Major Macroeconomic Challenges For India


According to a Morgan Stanley report, irrespective of growth indicators of Indian economy showing cues of stabilization, the macroeconomic conditions have deteriorated. For a country to attract large institutional investors, it must grow at a faster pace and have low government deficits, interest rates, and inflation.

Investors lay high emphasis on aspects including inflation, fiscal deficit, and current account deficit, balance of payment and investor growth, while investing in a country.


Key macro- economic challenges for India, at present, include:

  • Inflation:  Rising Wages, property prices and food prices have all surged inflation in our country, manifesting a bleaker outlook. The RBI has often spoken about the imminent problems that the country may face, owing to inflation. RBI Governor Subbarao has stated that while the wholesale price inflation has fallen to 7.18% for December 2012, it is comparatively higher and needs to be lowered. The government has been unable to bring down borrowing rate as it may further trigger inflation with money becoming cheaper.

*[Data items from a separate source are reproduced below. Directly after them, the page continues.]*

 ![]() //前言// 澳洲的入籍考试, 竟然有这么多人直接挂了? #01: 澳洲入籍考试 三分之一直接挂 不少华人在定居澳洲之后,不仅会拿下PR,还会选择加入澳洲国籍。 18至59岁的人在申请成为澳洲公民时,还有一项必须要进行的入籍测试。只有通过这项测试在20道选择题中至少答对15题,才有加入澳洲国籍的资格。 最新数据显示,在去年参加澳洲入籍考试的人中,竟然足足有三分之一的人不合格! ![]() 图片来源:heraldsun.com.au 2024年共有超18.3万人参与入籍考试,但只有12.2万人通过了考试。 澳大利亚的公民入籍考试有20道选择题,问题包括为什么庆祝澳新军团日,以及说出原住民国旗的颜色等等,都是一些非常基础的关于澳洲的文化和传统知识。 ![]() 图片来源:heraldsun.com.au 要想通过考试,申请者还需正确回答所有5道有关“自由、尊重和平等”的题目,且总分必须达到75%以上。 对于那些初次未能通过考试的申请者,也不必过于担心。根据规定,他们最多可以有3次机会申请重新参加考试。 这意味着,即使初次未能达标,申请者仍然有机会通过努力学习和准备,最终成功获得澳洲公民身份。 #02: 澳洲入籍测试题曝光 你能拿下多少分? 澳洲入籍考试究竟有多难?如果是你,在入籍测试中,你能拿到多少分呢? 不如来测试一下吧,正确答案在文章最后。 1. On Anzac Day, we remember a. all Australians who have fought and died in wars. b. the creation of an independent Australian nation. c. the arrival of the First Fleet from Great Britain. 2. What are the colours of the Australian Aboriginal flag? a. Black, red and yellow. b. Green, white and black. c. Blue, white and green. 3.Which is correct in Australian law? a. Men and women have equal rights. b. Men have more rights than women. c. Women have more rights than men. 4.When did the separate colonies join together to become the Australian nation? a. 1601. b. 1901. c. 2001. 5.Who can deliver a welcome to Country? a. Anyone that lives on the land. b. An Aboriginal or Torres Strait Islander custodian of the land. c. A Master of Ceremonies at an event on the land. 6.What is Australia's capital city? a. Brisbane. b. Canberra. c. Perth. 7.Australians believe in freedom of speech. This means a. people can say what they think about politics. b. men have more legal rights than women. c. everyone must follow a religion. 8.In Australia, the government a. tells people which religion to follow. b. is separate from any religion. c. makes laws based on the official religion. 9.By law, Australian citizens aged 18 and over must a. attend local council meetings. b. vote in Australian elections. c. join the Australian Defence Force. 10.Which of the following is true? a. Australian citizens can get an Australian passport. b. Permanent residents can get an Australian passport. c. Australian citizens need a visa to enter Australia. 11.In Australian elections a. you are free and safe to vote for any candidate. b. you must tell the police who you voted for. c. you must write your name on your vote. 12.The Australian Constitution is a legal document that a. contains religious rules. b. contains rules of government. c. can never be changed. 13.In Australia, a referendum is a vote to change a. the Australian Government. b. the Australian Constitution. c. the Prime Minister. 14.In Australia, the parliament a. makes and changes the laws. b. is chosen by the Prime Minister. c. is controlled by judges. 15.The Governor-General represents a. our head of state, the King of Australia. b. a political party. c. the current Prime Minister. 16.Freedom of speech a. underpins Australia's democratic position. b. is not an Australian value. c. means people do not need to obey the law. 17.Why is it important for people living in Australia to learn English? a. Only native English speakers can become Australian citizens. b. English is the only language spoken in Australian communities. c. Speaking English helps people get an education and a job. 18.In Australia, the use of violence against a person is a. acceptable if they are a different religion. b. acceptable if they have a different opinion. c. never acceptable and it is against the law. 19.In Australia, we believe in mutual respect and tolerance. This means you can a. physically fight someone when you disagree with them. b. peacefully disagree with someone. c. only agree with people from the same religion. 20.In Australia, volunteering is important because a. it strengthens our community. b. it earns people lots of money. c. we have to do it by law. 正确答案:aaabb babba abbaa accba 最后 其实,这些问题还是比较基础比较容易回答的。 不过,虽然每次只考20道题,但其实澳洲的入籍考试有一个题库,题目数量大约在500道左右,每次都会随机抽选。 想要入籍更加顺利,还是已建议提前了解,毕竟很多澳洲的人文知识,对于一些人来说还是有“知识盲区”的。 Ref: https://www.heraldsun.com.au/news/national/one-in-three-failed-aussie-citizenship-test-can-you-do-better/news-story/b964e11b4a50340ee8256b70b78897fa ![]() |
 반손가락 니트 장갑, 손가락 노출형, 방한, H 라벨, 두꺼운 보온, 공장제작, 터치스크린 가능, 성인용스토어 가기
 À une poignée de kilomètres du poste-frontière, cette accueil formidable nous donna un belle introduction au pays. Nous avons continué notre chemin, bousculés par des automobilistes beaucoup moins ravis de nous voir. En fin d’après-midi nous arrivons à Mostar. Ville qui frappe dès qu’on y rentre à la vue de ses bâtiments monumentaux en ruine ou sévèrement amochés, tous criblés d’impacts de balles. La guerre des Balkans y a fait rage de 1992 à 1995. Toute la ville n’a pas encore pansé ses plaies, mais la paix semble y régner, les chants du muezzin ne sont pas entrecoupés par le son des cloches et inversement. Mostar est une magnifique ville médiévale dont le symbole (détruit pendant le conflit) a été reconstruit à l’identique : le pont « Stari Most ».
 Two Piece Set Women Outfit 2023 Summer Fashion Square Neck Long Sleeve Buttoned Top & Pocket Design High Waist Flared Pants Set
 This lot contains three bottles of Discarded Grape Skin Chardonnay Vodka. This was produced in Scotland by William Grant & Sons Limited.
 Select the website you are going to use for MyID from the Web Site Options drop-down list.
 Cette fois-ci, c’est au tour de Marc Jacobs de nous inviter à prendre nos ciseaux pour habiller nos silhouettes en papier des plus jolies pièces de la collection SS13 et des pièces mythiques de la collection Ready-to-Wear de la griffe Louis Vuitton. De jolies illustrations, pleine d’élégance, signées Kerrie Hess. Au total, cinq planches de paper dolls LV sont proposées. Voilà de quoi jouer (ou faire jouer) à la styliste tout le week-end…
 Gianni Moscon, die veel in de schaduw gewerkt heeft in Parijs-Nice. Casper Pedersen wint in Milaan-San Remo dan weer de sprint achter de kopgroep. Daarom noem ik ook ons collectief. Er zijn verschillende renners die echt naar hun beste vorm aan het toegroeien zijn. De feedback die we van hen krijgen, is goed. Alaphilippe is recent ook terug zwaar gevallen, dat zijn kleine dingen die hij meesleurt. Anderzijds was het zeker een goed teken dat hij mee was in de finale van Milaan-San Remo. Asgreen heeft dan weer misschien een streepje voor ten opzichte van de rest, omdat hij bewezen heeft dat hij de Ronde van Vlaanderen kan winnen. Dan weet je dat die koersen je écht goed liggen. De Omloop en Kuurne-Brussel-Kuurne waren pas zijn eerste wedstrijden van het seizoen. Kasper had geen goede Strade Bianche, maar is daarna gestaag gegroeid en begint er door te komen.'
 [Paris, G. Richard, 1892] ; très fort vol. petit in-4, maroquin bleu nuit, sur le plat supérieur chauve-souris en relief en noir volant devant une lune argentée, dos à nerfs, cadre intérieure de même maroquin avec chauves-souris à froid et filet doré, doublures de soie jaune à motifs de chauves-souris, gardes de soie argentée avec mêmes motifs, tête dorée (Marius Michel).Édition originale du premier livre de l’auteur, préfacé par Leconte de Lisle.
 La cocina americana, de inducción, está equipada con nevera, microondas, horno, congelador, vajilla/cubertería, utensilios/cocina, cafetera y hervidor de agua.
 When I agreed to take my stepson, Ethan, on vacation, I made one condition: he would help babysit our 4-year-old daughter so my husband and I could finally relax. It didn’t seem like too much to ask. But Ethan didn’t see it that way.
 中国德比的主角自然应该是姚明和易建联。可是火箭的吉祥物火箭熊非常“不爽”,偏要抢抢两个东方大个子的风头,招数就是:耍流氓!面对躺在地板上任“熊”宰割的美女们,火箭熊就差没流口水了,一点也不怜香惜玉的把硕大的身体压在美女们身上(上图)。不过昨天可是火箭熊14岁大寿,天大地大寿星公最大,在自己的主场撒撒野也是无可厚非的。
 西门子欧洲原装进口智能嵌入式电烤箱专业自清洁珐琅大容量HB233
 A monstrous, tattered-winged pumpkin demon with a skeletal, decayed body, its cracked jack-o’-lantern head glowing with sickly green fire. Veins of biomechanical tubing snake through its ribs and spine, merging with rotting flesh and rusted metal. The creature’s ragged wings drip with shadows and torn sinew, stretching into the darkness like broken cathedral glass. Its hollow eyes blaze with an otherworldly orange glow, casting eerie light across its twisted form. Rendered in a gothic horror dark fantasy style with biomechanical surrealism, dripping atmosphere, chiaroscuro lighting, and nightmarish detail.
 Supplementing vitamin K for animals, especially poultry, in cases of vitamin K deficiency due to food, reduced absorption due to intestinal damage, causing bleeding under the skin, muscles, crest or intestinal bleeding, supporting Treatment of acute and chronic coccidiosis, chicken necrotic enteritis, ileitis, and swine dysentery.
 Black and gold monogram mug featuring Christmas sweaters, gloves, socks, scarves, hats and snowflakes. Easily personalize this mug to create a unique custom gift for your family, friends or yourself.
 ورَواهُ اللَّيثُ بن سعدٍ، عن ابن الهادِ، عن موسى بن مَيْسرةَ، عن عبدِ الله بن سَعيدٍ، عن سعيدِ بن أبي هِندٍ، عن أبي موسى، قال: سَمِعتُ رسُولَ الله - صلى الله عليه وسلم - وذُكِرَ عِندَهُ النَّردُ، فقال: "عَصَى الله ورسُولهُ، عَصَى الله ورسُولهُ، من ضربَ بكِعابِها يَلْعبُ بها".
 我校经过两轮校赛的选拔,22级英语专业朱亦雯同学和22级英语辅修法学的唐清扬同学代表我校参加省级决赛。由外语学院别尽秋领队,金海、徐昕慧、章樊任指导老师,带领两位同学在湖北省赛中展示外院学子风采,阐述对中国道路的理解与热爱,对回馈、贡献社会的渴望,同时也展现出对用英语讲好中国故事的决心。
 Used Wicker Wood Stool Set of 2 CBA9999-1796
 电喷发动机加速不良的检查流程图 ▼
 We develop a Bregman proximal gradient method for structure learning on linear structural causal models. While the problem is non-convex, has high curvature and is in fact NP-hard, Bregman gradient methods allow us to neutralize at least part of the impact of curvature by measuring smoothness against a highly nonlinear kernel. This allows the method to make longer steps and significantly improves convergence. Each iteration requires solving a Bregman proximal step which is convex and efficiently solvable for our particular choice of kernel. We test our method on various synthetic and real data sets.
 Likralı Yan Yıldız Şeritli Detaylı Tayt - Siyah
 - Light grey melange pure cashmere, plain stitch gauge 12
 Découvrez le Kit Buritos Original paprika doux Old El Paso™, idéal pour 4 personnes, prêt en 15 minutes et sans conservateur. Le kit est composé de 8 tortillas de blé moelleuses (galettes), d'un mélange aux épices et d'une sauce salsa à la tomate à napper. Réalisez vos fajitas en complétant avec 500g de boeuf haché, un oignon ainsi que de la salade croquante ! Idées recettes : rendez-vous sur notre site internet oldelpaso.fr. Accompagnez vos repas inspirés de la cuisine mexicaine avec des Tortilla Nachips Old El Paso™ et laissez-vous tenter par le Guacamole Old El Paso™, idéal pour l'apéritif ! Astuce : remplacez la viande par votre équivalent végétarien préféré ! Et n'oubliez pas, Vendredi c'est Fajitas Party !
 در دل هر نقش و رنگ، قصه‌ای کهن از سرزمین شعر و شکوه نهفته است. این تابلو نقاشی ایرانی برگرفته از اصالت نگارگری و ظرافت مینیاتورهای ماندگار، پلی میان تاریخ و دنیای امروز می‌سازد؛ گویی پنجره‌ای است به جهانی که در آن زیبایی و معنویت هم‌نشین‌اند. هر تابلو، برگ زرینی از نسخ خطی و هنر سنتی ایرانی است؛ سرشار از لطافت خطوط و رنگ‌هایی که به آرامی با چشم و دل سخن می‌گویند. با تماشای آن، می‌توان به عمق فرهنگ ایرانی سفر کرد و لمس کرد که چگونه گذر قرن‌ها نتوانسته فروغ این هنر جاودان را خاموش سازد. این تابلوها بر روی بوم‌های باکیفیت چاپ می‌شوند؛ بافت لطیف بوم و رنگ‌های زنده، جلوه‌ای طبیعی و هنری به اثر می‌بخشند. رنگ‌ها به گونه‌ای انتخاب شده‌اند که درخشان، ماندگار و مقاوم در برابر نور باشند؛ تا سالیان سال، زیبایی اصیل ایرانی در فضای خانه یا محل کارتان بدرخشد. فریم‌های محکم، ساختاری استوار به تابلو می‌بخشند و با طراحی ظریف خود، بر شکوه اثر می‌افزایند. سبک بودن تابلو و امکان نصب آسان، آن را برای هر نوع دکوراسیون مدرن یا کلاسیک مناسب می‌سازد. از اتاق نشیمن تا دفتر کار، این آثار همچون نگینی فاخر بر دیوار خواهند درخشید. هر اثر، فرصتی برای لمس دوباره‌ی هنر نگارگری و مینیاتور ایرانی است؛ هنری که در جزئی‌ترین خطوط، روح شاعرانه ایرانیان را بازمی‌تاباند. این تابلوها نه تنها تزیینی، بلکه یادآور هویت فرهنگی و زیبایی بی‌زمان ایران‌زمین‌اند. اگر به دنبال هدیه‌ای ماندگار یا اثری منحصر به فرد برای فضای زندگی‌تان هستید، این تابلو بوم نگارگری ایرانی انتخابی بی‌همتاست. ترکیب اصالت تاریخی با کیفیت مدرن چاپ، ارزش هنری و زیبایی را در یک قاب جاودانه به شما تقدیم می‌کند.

Credit rating agency, Crisil in a note mentioned that there are high chances of inflation booming in 2014, owing to overspending during the upcoming election and the rise in the price of commodity and oil.


  • Current Account Deficit: India’s present current account deficit stands at 5.4% of the GDP, since we have been a net importer of goods and services. Throughout the past years, exports have been declining and imports are on the rise. We have been constantly banking on foreign capital flows to keep up with the pace of rising US dollar demand. In order to continue foreign portfolio inflows, the Government has  postponed the enforcement of GAAR.
  • Fiscal Deficit: The Government ‘s expenditure has been more than its earnings with respect to tax revenues and other such means , resulting in a high fiscal deficit. Hence, the borrowings from the RBI, have been rising sharply. A recent report has mentioned that the government has not taken any constructive step in cutting down the fiscal deficit wherein it has to curtail the expenditure and strengthen its reserves. Apart from that, the report also mentions that the government has to spend around Rs. 3,00,000 crore to eke out and provide job opportunities, food, fertilizer and reasonably priced fuel by 2013-14 that could further put a dent in the country’s reserves, resulting in high demand for money and interest rates.
  • Balance of Payment: India has to bank on external finances, extensively for the huge amount of imported goods and services that it has to cater.  The debts have increased two- fold in the last five years as the country’s current overall fiscal debt is being reported to be $ 36 bn for 2012-2013, leading to a slowdown in the capital inflows. The situation can turn out to be volatile owing to the repercussions of the balance of payment crisis. In order to grapple with the problem and pull the plug, India must endeavor to boost its exports.
  • Investment growth:  India’s gross fixed capital formation has fallen to around 2%, showing no signs of recuperation, since the last four quarters. RBI stated that this is the lowest rate, the country has seen since 2008-2009, exhibiting the reluctance of investors.


Gross fixed capital formation represents the rate at which new assets are created and investments are made by businesses and the government.

Experts consider the country’s rising gold imports as the triggering factor for its macro- economic stability. Kotak Mahindra, in its report, mentioned that India has invested around $ 124bn in gold assets between 2004 and 2008. On the contradictory, the government‘s planned expenditure in the 11th five year plan for infrastructure was 25% of the same.


The country’s growth potential could be severely affected if the government does not take any constructive step to address the macroeconomic imbalances.